Taking the advantages of both layer-wise and channel-wise quantization, we propose PTS for LayerNorm's quantization. The core idea of PTS is to equip different channels with different Powers-of-Two Scale factors, rather than different quantization scales.

Softmax quantized with Log-Int-Softmax (LIS)

The storage and computation of attention map is known as a bottleneck for transformer structures, so we want to quantize it to extreme lower bit-width (e.g. 4-bit). However, if directly implementing 4-bit uniform quantization, there will be severe accuracy degeneration.
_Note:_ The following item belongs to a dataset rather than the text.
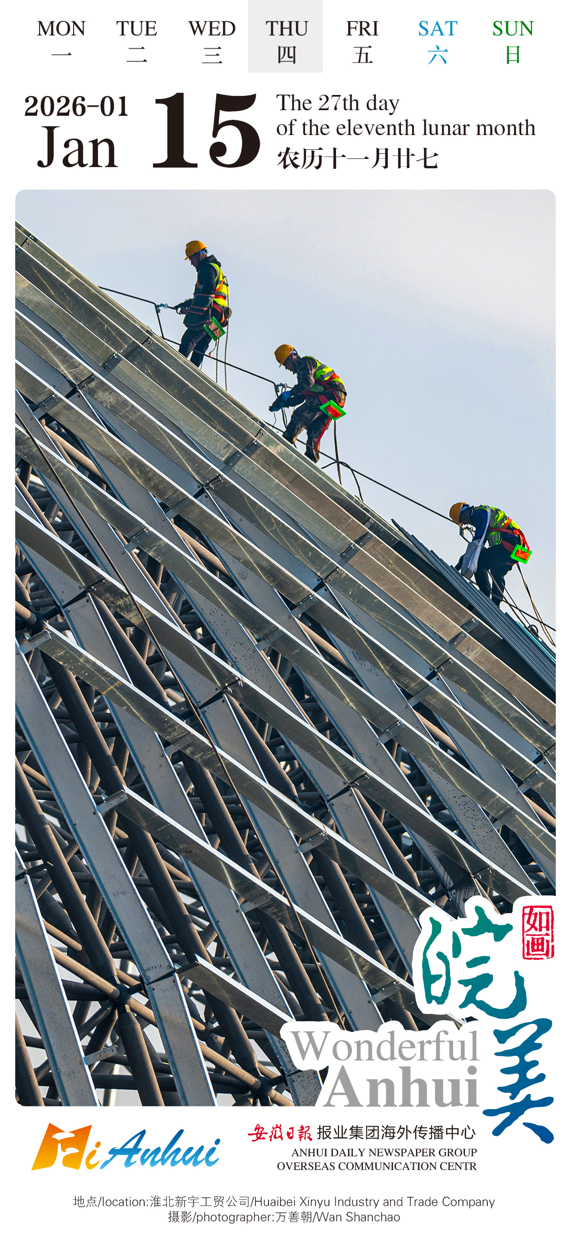 As for today’s "Wonderful Anhui" English calendar, let’s turn the attention to the craftsmen working in Huaibei Xinyu Industry and Trade Company whose dedication is driving the city's continuous improvement in Anhui.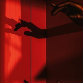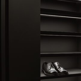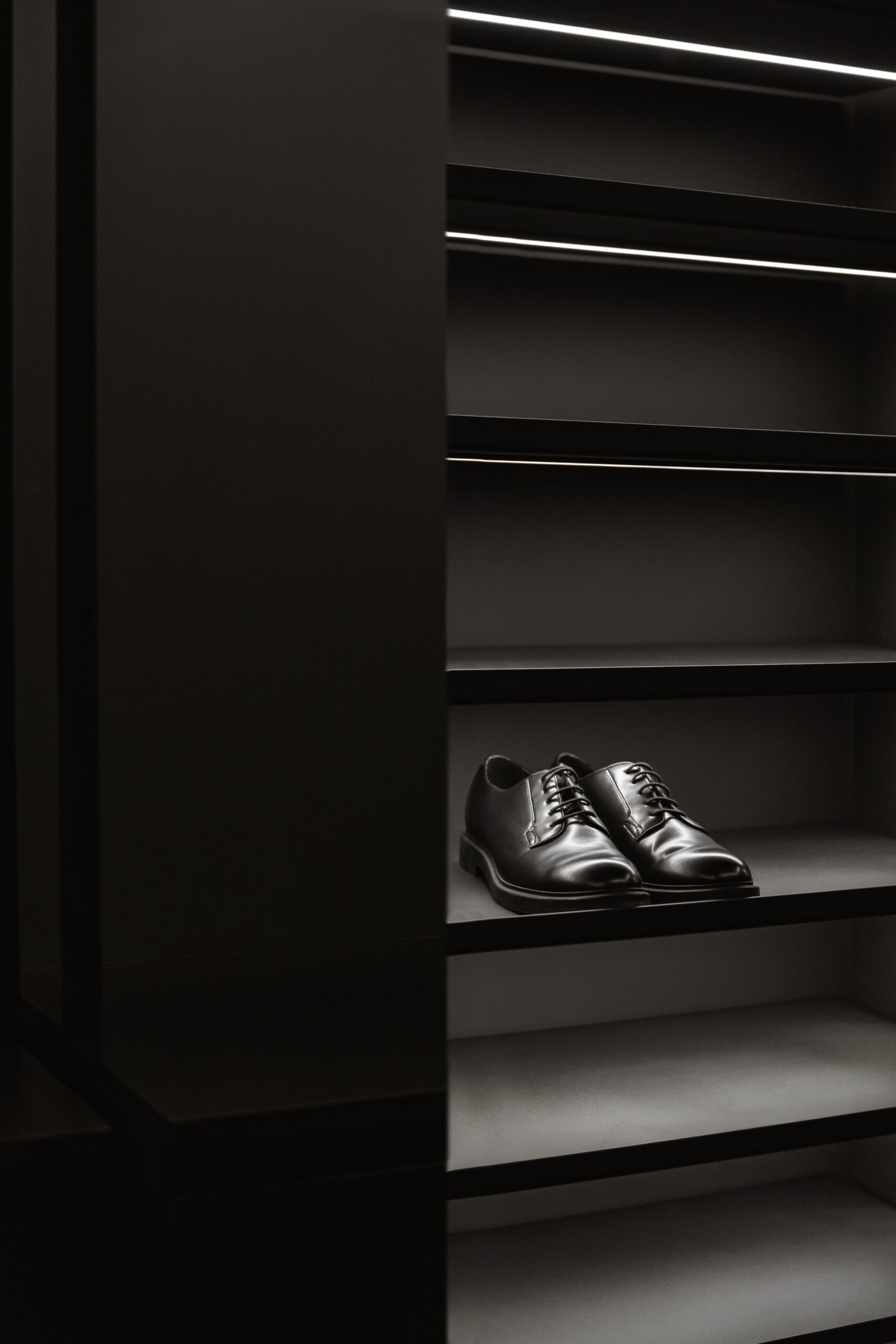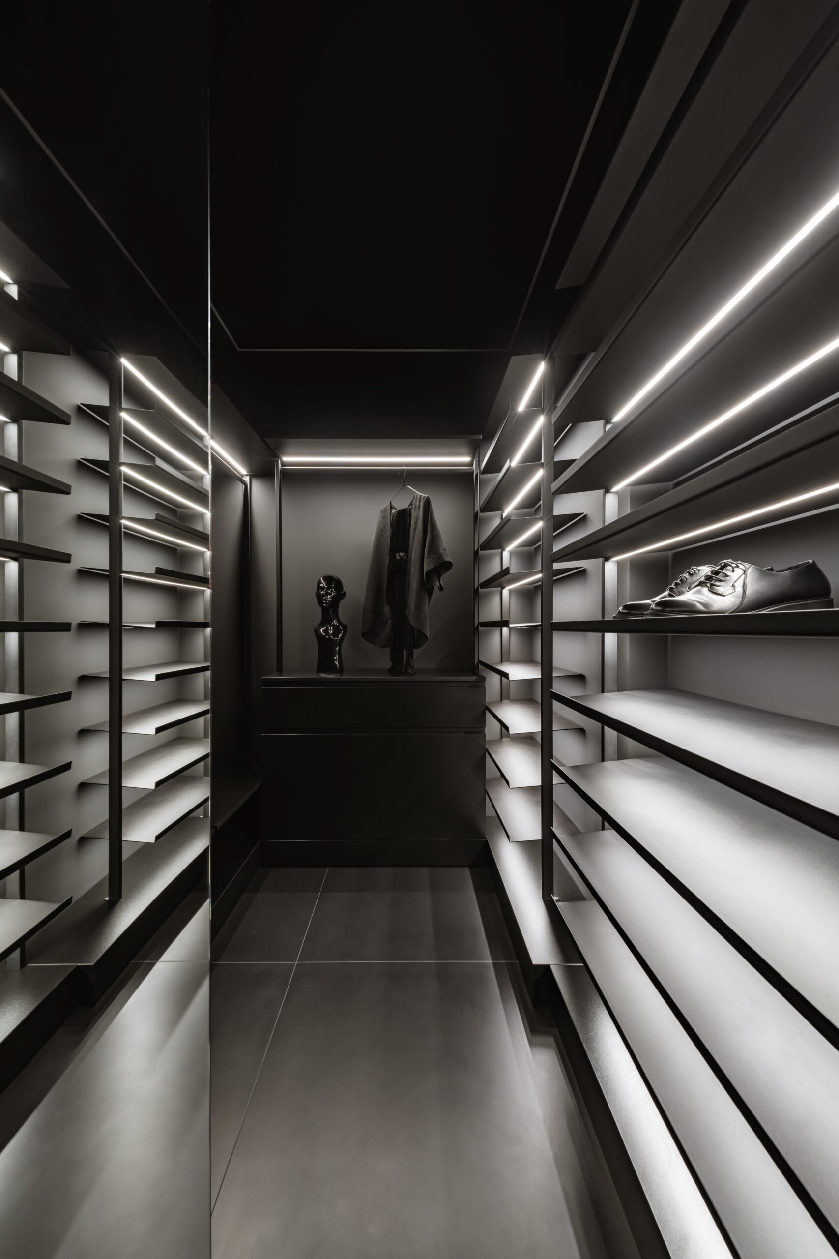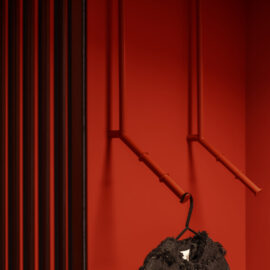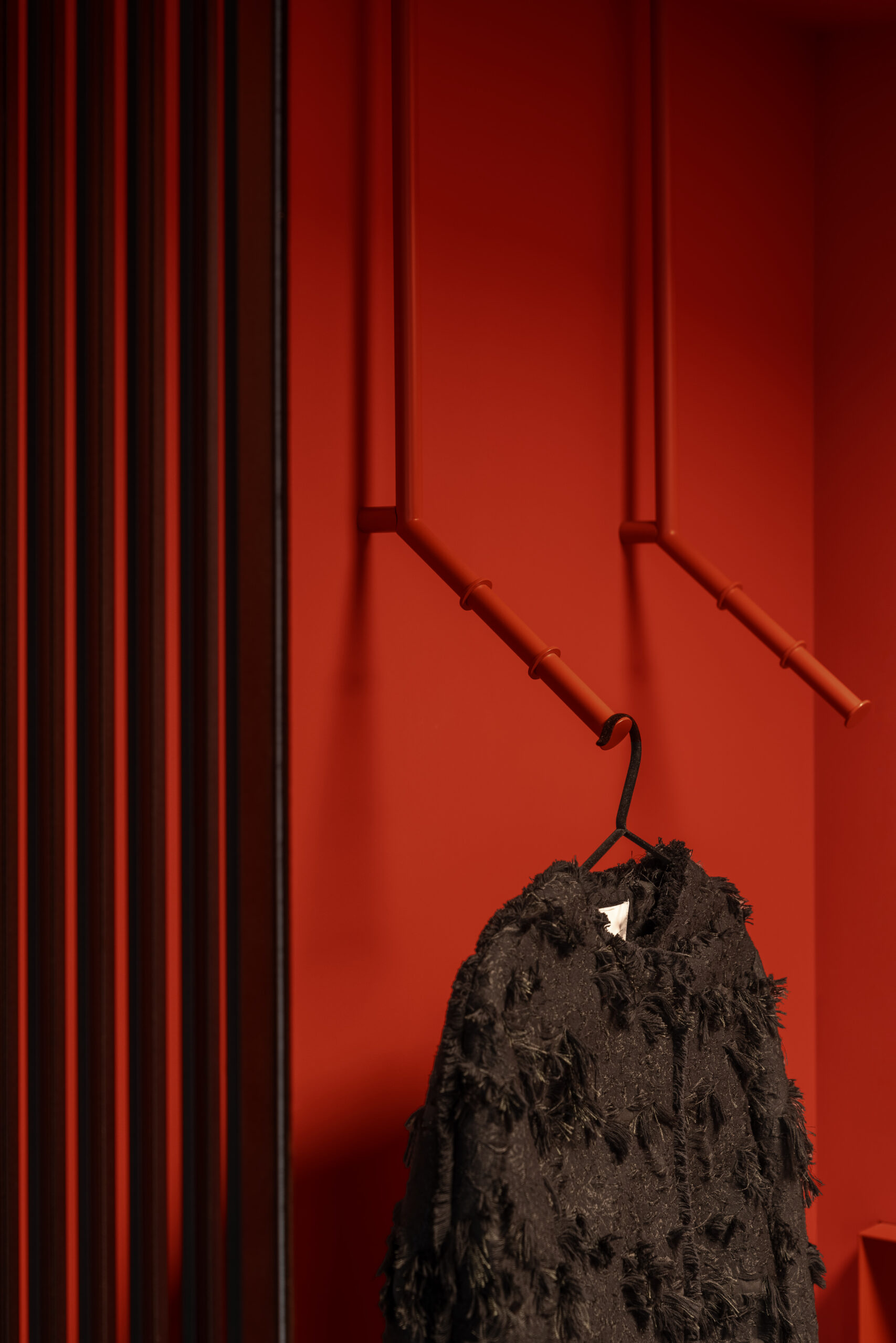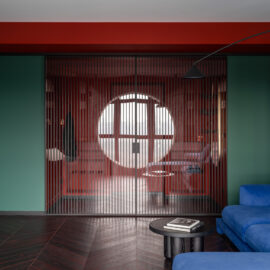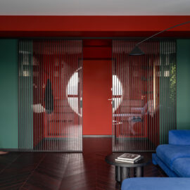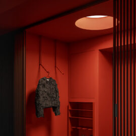 Червоний передпокій відділений від решти простору розсувною скляною перегородкою. Використання наскрізного кольору на стінах і стелі робить цю зону подібною до кімнати лялькового будинку. Металеві полиці для взуття заглиблені у стіни, дверцята над ними ведуть до технічних комунікацій. Верхній світильник, втоплений в поверхні стелі, – лаконічне та водночас футуристичне рішення.

We observe a distribution centering at a fairly small value of the output of Softmax, while only few outliers have larger values close to 1. Based on the following visualization, Log2 preserves more quantization bins than uniform for the small value interval with dense distribution.

Combining Log2 quantization with i-exp, which is a polynomial approximation of exponential function presented by I-BERT, we propose LIS, an integer-only, faster, low consuming Softmax.
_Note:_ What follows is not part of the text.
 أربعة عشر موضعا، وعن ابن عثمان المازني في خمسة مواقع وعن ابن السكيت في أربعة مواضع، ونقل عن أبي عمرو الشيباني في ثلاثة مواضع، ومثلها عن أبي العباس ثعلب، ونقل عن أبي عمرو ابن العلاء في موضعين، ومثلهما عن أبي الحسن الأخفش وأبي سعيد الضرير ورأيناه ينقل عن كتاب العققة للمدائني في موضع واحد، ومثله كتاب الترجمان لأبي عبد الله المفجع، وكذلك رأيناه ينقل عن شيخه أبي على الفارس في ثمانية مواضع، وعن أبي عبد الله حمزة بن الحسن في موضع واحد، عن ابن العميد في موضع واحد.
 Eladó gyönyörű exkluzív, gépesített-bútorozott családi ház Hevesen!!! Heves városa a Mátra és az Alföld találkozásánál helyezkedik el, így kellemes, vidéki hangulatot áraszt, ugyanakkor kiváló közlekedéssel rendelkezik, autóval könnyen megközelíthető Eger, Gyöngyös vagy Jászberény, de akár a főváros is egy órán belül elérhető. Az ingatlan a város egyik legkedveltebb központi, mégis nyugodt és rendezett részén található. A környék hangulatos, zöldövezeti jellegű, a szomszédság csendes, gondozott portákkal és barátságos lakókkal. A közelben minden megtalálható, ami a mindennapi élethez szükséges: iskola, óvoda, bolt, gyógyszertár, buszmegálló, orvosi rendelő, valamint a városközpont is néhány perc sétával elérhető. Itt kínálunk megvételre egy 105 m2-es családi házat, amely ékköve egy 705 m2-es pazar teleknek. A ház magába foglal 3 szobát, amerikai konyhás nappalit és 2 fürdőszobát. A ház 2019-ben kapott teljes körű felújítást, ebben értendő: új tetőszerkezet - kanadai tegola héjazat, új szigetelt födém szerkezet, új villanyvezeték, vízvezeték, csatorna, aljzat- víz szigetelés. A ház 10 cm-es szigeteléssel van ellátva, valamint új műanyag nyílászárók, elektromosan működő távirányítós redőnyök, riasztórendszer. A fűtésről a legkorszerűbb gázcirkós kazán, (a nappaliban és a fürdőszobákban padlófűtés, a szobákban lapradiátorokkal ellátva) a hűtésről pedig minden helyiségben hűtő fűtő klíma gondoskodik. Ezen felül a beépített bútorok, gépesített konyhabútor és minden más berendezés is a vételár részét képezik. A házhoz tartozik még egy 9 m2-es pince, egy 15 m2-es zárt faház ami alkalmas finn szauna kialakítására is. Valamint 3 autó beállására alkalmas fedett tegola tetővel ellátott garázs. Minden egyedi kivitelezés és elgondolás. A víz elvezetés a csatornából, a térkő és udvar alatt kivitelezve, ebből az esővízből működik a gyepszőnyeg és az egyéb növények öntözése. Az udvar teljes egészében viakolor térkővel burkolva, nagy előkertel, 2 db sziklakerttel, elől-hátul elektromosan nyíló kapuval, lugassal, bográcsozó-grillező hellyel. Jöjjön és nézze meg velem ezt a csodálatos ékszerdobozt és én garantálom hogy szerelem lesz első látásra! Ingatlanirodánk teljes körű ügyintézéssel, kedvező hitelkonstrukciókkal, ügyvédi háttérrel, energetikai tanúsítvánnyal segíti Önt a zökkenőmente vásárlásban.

The whole process is visualized as follow.

Getting Started

Install

  • Clone this repo.
git clone https://github.com/linyang-zhh/FQ-ViT.git
cd FQ-ViT
  • Create a conda virtual environment and activate it.
conda create -n fq-vit python=3.7 -y
conda activate fq-vit
  • Install PyTorch and torchvision. e.g.,
conda install pytorch=1.7.1 torchvision cudatoolkit=10.1 -c pytorch

Data preparation

You should download the standard ImageNet Dataset.

├── imagenet
│   ├── train
|
│   ├── val

Run

Example: Evaluate quantized DeiT-S with MinMax quantizer and our proposed PTS and LIS

python test_quant.py deit_small <YOUR_DATA_DIR> --quant --pts --lis --quant-method minmax
  • deit_small: model architecture, which can be replaced by deit_tiny, deit_base, vit_base, vit_large, swin_tiny, swin_small and swin_base.
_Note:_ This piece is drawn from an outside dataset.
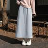 High Waist Midi A-Line Plus Size Women's Skirt - Drapey, Slit, Fleece-Lined for Autumn/Winter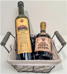 Aceto & Olio Italien: 1 Fl. 25cl Aceto Balsamico di Modena IGP 8 anni 6 Scudi, 1 Fl. 50cl Olio Extra Vergine d'Oliva Toscana IGP, schön verpackt in Geschenkkorb mit Cellophan

  • --quant: whether to quantize the model.

  • --pts: whether to use Power-of-Two Scale Integer Layernorm.

  • --lis: whether to use Log-Integer-Softmax.

  • --quant-method: quantization methods of activations, which can be chosen from minmax, ema, percentile and omse.

Results on ImageNet

This paper employs several current post-training quantization strategies together with our methods, including MinMax, EMA , Percentile and OMSE.

  • MinMax uses the minimum and maximum values of the total data as the clipping values;

  • EMA is based on MinMax and uses an average moving mechanism to smooth the minimum and maximum values of different mini-batch;

  • Percentile assumes that the distribution of values conforms to a normal distribution and uses the percentile to clip. In this paper, we use the 1e-5 percentile because the 1e-4 commonly used in CNNs has poor performance in Vision Transformers.

  • OMSE determines the clipping values by minimizing the quantization error.

The following results are evaluated on ImageNet.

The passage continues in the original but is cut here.